Anadolu’nun her köşesine giden şehit cenazelerinde ana ve babaların metanetleri, ”Vatan Sağ Olsun” deme olgunlukları sarsılmaz bir imanı gösterirken, ay yıldızlı bayrağa sarılı tabuta son kez sarılanların gözyaşları şehit kanlarıyla sulanmış toprağa düşerek toprağı vatan yapmaktadır.

Yüreği yanan ana ve babaların şehit cenazelerinde söylediği sözler bu asil milletin duygu ve düşüncelerinin de bir göstergesi olmaktadır.
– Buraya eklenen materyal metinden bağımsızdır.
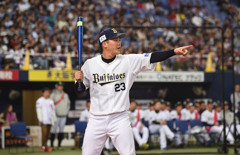 バファローズの選手たちがチームに分かれさまざまな対決を行います。
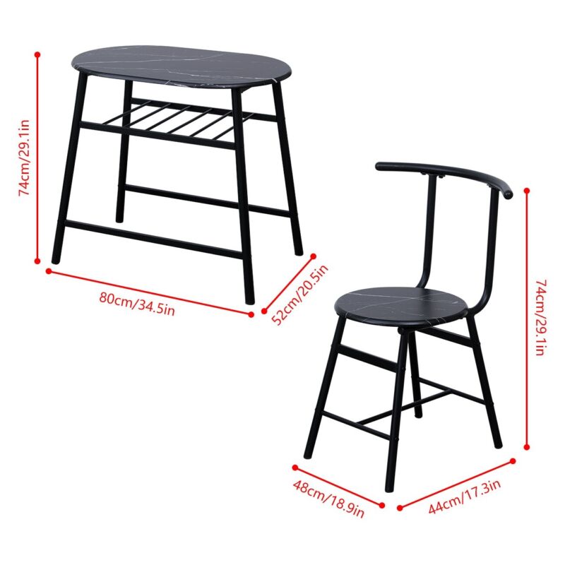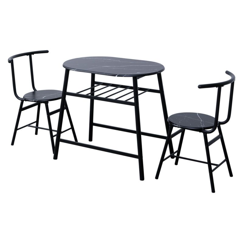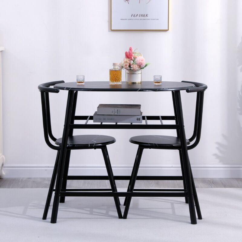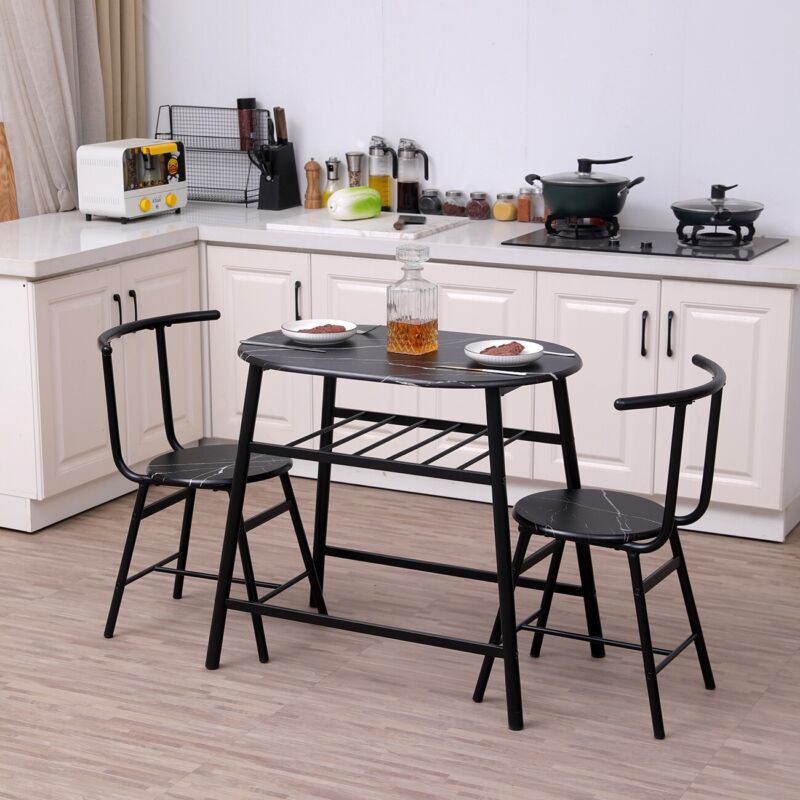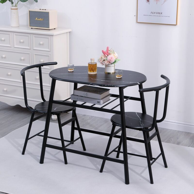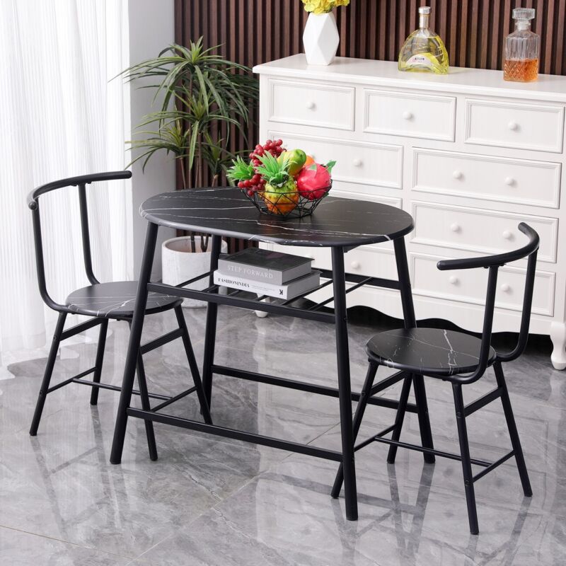 Marble Vein Table + 2 Chairs Set Bistro Set Metal Frame Coffee Breakfast Kitchen
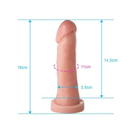 Pênis realístico reto com glande e veias definidas por toda sua extensão. Feito de um material flexível, o pênis é macio ao toque e é confortável para a penetração.
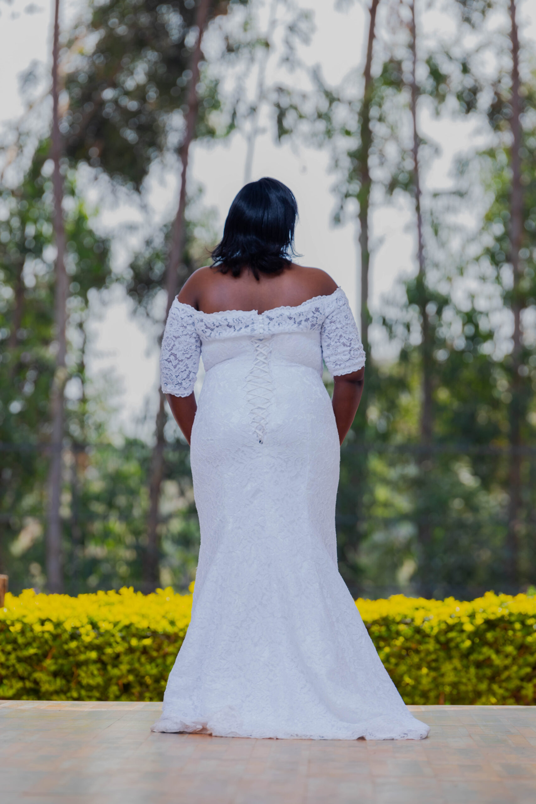 Crisp white, full lace off shoulder wedding dress with sleeves.
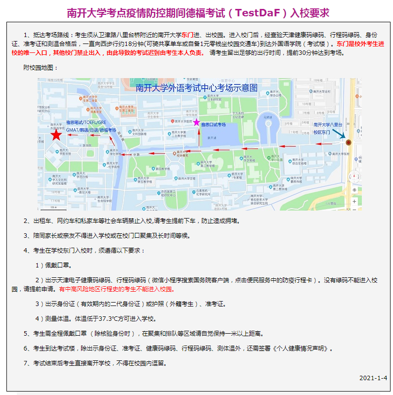 考生須從衛(wèi)津路八里臺橋附近的南開大學東門進、出校園,請?zhí)崆?0分鐘達到考場。
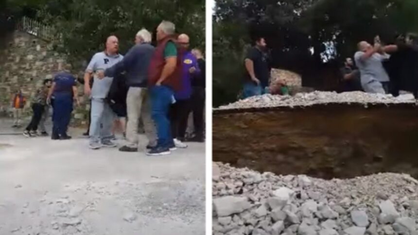 Όλα ξεκίνησαν σήμερα το πρωί στην περιοχή Άλλη Μεριά στον Βόλο όπου κάτοικοι της περιοχής είχαν συγκεντρωθεί, με αφορμή το μπάζωμα του ρέματος
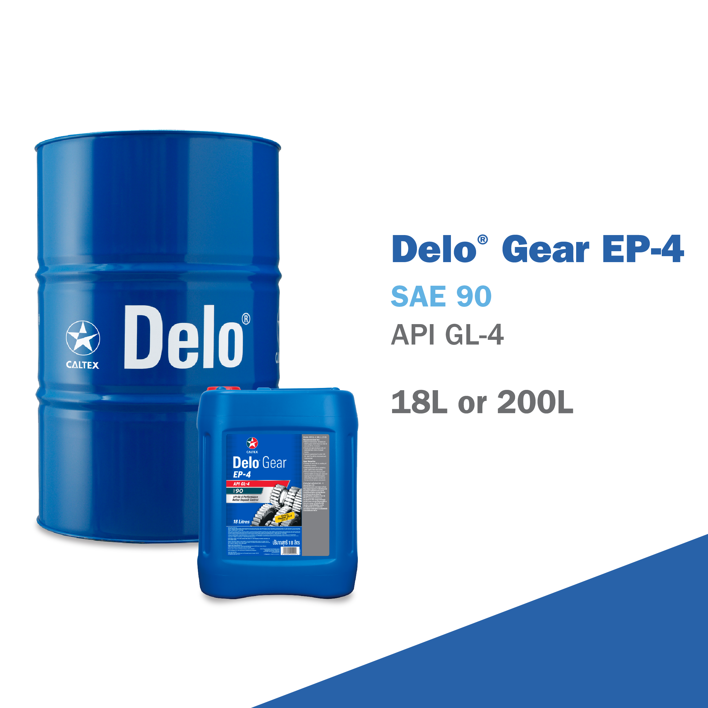 Delo Gear EP-4 are recommended for use in spiral bevel and hypoid differentials, power dividers, and oillubricated steering axle wheel bearings.

Erzurumlu Özel Harekat Polisi Orhan Dilekçi’nin cenaze töreninde baba Mehmet Dilekçi’nin takındığı tavır ve ifade ettiği cümleler bu örneklerden biri olarak hafızalarda yer etmiştir.

Özel Harekat Polisi hemşehrimiz Orhan Dilekçi, Sur’daki operasyonlara katılmış, teröristlerin hazırladığı hain tuzağa basarak yaralanmış ve tedavi için gittiği Ankara’da şehitlik mertebesine ulaşmıştır.

Acı haberi şehidimizin ailesine götüren komutan dünyanın en zor işini yaparak baba Mehmet Dilekçi’ye oğlunun şehit olduğunu söylemiş ve gözü yaşlı babaya “Bizden bir isteğiniz olur mu?” diye sormuş.

Şehit babası olmanın bilincindeki eli öpülesi baba Mehmet Dilek’çi, gözyaşlarını bir eliyle sildikten sonra başını kaldırarak “KOMUTANIM, SUR ESNAFINA SORAR MISINIZ, OĞLUMUN HER HANGİ BİRİNE BORCU KALMIŞ MI? VARSA ÖDEYELİM.” diyerek, vatan borcunu ödemiş bir evladın, kul hakkı ile gitmeyeceğinin de hassasiyetini göstermiştir.

Şehit babasının sözleri, tüm dünyaya ”Böyle bir inanmışlıkla kim baş edebilir ki? “ mesajını vermiştir.